Tuesday, March 31, 2020 - 4:30pm to 5:30pm
Event Calendar Category
LIDS Seminar Series
Our machine learning models have attained impressive accuracy on many benchmark tasks. Yet, these models remain remarkably brittle---small perturbations of natural inputs can completely degrade their performance.
Why is this the case?
In this talk, we show that this brittleness can, in part, be attributed to the fact that our models often make decisions in a very different way than humans do. Viewing neural networks as feature extractors, we study how features extracted by neural networks may diverge from those used by humans, and how adversarially robust models seem to make progress towards bridging this gap.

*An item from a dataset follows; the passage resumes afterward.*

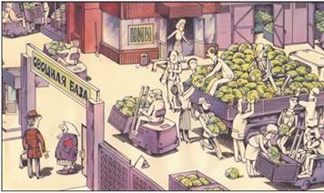 Радянська карикатура. Написи: «Овочева база», «НДІ (науково-дослідний інститут)». Підпис під карикатурою: «Щоб шефи далеко не їздили, овочеву базу побудували навколо інституту!». Художник В. Уборевич-Боровський. 1980-ті рр.
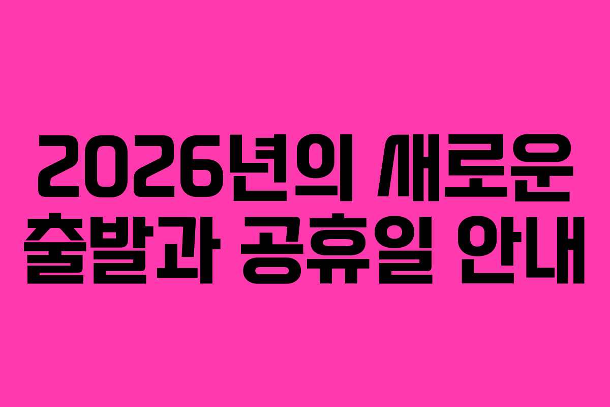 2026년이 시작되며 많은 이들이 새로운 목표와 계획을 세우고 있습니다. 2025년의 여러 어려움을 뒤로 하고, 긍정적인 마음으로 새로운 한 해를 맞이하는 모습이 보입니다. 특히 2026년의 다양한 일정과 공휴일을 알고 준비하면, 더 알찬 한 해를 보낼 수 있습니다. 본문에서는 2026년의 주요 공휴일과 그에 따른 휴가 계획을 상세히 살펴보겠습니다.

Aleksander Madry is a Professor of Computer Science in the MIT EECS Department and a Principal Investigator in the MIT Computer Science and Artificial Intelligence Laboratory (CSAIL). He received his PhD from MIT in 2011 and, prior to joining the MIT faculty, he spent some time at Microsoft Research New England and on the faculty of EPFL.
Aleksander's research interests span algorithms, continuous optimization, the science of deep learning, and understanding machine learning from a robustness perspective. His work has been recognized with a number of awards, including an NSF CAREER Award, an Alfred P. Sloan Research Fellowship, an ACM Doctoral Dissertation Award Honorable Mention, and Presburger Award.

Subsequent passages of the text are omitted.